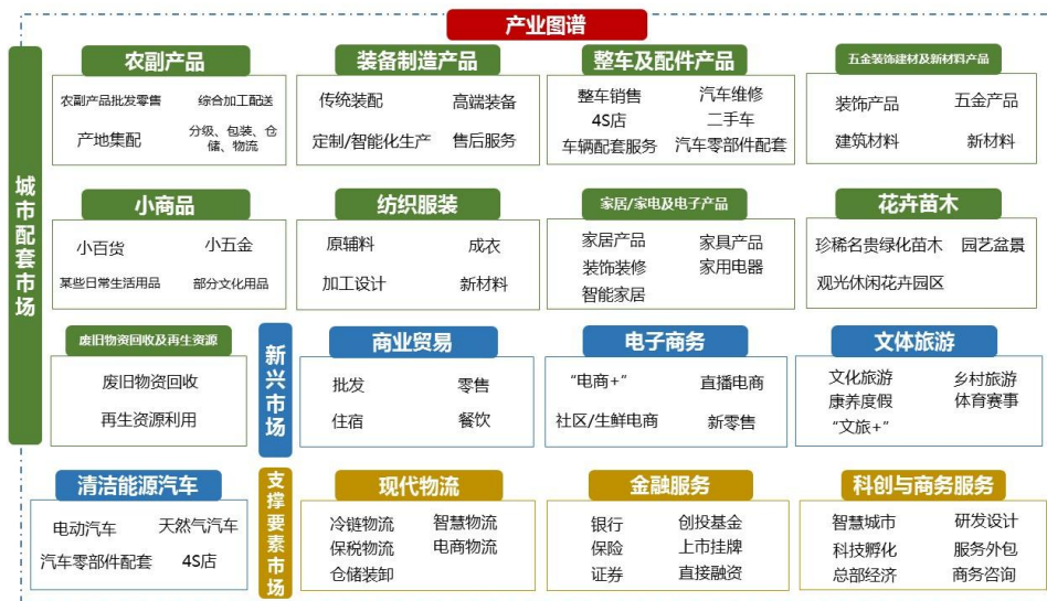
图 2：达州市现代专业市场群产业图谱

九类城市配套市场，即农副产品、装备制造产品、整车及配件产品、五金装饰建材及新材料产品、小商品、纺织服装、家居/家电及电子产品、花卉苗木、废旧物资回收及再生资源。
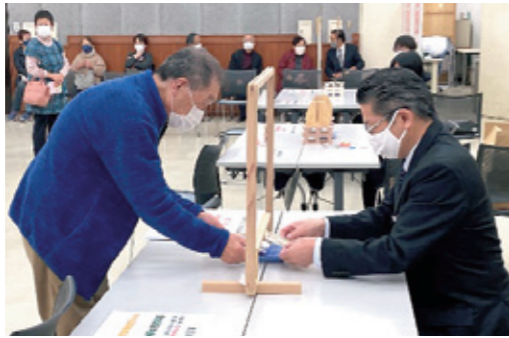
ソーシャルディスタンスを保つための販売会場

* * *

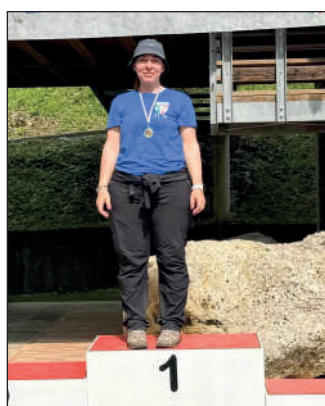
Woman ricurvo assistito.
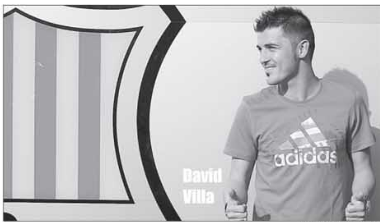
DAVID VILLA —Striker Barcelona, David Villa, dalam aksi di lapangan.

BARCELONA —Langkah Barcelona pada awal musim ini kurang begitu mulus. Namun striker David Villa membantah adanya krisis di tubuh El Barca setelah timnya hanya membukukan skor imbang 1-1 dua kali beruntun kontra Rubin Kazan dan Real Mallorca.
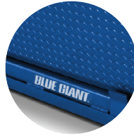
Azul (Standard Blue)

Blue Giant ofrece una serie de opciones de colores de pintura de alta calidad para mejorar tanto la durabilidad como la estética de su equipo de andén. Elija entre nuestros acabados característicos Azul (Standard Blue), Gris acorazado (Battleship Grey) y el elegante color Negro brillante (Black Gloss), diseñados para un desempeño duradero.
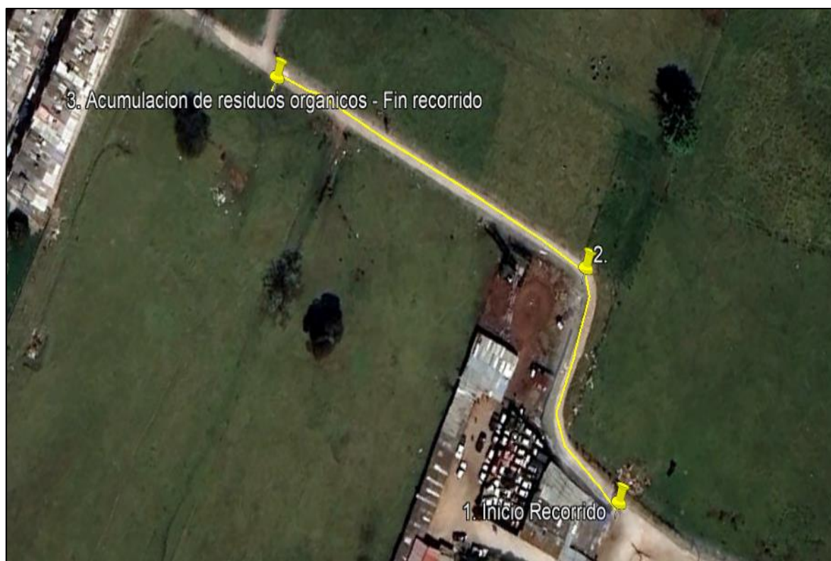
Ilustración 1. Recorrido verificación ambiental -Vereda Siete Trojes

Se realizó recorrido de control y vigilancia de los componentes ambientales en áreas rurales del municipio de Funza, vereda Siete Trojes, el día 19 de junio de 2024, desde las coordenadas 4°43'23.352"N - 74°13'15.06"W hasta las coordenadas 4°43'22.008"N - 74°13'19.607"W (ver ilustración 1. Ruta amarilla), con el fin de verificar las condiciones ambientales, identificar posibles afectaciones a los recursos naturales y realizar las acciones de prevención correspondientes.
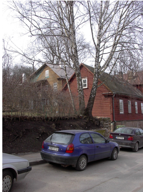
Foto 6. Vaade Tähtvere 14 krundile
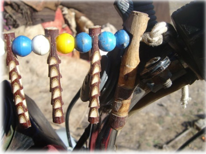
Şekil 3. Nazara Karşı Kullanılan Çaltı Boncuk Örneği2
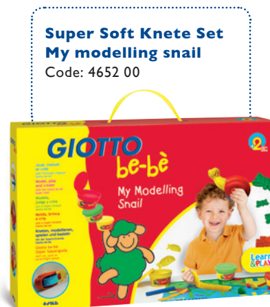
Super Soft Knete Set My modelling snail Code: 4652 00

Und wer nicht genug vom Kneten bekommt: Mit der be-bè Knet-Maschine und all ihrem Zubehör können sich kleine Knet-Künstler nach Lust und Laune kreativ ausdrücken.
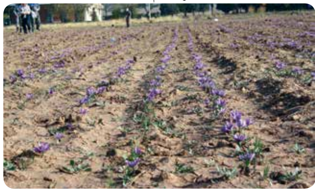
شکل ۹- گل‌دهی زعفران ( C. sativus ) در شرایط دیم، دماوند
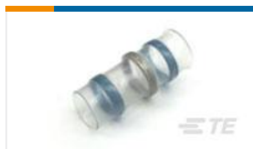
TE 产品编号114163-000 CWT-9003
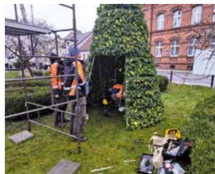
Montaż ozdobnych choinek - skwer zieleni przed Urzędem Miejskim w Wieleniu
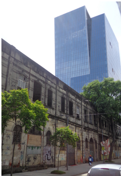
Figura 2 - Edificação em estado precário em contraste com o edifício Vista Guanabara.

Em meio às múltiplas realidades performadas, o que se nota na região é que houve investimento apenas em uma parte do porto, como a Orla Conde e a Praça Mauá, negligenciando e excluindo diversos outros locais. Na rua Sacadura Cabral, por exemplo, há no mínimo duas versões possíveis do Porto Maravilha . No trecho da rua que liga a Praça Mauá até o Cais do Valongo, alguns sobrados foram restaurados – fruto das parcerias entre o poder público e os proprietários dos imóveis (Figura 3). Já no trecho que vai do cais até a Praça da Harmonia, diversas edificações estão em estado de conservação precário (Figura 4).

WHAT IS NEEDED: Where a picture appears in the records above, omit it, and transcribe exactly the stretch of lines from the one with "图 2：达州市现代专业市场群产业图谱" through the one with "ソーシャルディスタンスを保つための販売会場".

REPLY:
图 2：达州市现代专业市场群产业图谱

九类城市配套市场，即农副产品、装备制造产品、整车及配件产品、五金装饰建材及新材料产品、小商品、纺织服装、家居/家电及电子产品、花卉苗木、废旧物资回收及再生资源。
ソーシャルディスタンスを保つための販売会場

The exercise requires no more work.